The command line usage of mysql is very useful to try single queries. Careful programming avoids mistakes by observing the following three rules.

  1. First try a command before placing it into a script.
  2. Have the script print the command.
  3. Eexecute one printed command as a test.

There are not many mysql commands we need to know to write useful programs. The main commands to work with tables are listed in Table 8.

Table 8 MySQL commands for tables
command syntax description
use <dbname> make database current
show tables show tables in current database
create table <name> <field(s)> create a table
explain <name> display data types of all fields
drop table <name> delete a table

To change a table, we use queries. The command syntax for the most important queries is listed in Table 9.
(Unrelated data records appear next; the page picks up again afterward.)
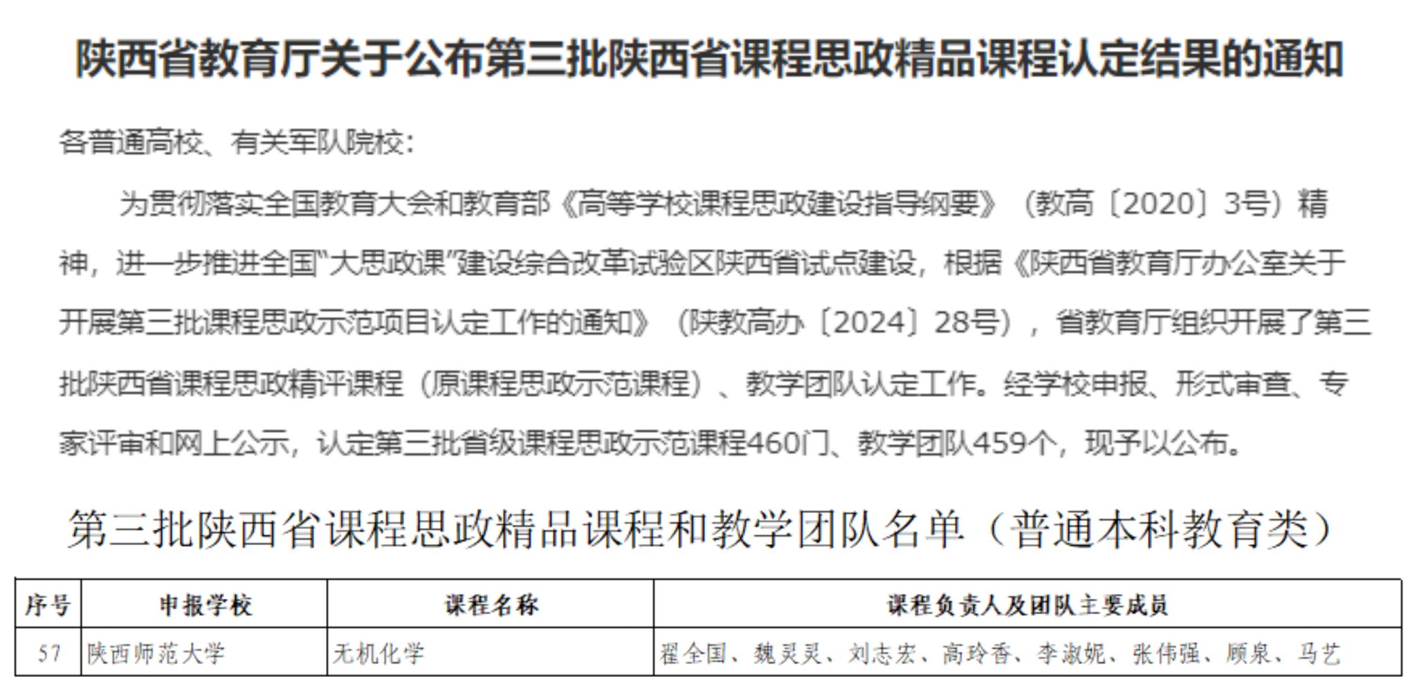 近日,陕西省教育厅发布了《陕西省教育厅关于公布第三批陕西省课程思政精品课程认定结果的通知》,捷克论坛 翟全国教授主持的《无机化学》课程成功入选,该课程教学团队同时被认定为陕西省课程思政教学团队。
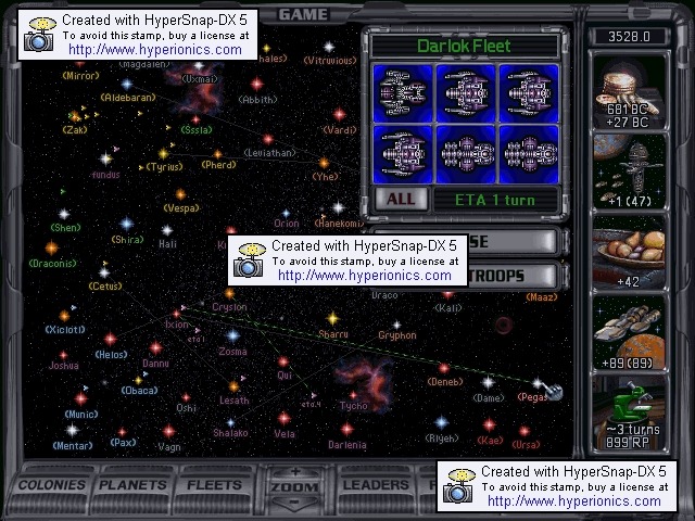 Empire reports: We now have 11 battleships. A battleship finishes construction every 3 turns at Darlenia 3. We have 1 command point available, with 46 used.
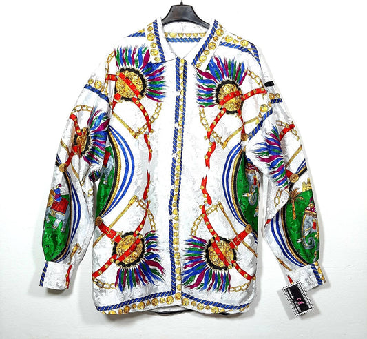 Baroque satin indian print long sleeved shirt, funny elephant / chains print allover, mint condition
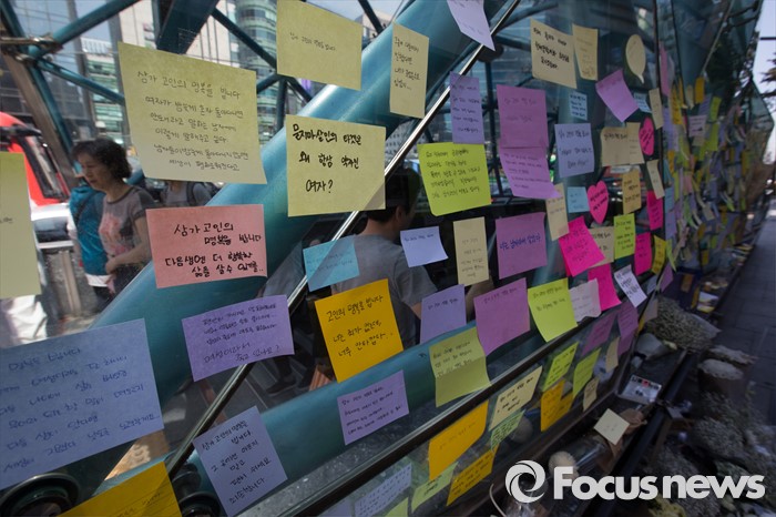 (서울=포커스뉴스) 18일 서울 서초구 강남역 10번출구에서 시민들이 '묻지마 살인' 피해자를 추모하고 있다.

Table 9 MySQL commands for queries
command syntax description
select <field(s)> from <table> retrieve records
insert into <table> <values> insert records
delete from <table> delete records
update <table> set <values> update records

More involved queries have clauses, with added command syntax where <criteria> order by <field> ASC | DSC.

The mysql commands terminate with a semicolon ;.

Database for Python scripts

Consider the problem of managing the Python scripts we have studied in this course.

So far, there are over 70 Python scripts posted at the course web site. The scripts are listed chronologically grouped along the lectures ... but then, there are also the scripts for the projects and quizzes.

Our goal is to build a systematical catalog, so we can sort the scripts in several ways.

The first step is to create a database and grant access to its users. The name of the database is OurPyFiles A database is created by the administrator mysqladmin executed as superuser, as sudo mysqladmin create OurPyFiles

To grant access to users who are not sudoers, we run mysql as a sudoer.

$ sudo mysql
mysql> GRANT ALL ON OurPyFiles.* TO 'jan'@'localhost';
Query OK, 0 rows affected (0.05 sec)

mysql> Bye

With the * in OurPyFiles.* we grant access to all tables in the database OurPyFiles. As a test, we do

$ mysql
mysql> use OurPyFiles;
Database changed

Observe the absence of the sudo in front of the mysql. This confirms that the database OurPyFiles exists, even though it is empty, and that access is granted.

The database OurPyFiles will have one table: scripts. For every script, we have a type (L, P, or Q), a number, a date, and a file name.

mysql> use OurPyFiles
Database changed
mysql> create table scripts
    -> (t CHAR(1), n INT, d DATE, f CHAR(20));
Query OK, 0 rows affected (0.00 sec)

As a good practice, the command explain is the next command to run after the creation of a new table, to check whether the structure of the table corresponds with what we wanted.

mysql> explain scripts;
+-------+----------+------+-----+---------+-------+
| Field | Type     | Null | Key | Default | Extra |
+-------+----------+------+-----+---------+-------+
| t     | char(1)  | YES  |     | NULL    |       |
| n     | int(11)  | YES  |     | NULL    |       |
| d     | date     | YES  |     | NULL    |       |
| f     | char(20) | YES  |     | NULL    |       |
+-------+----------+------+-----+---------+-------+
4 rows in set (0.10 sec)

Some of the most common numeric data types are listed in Table 10.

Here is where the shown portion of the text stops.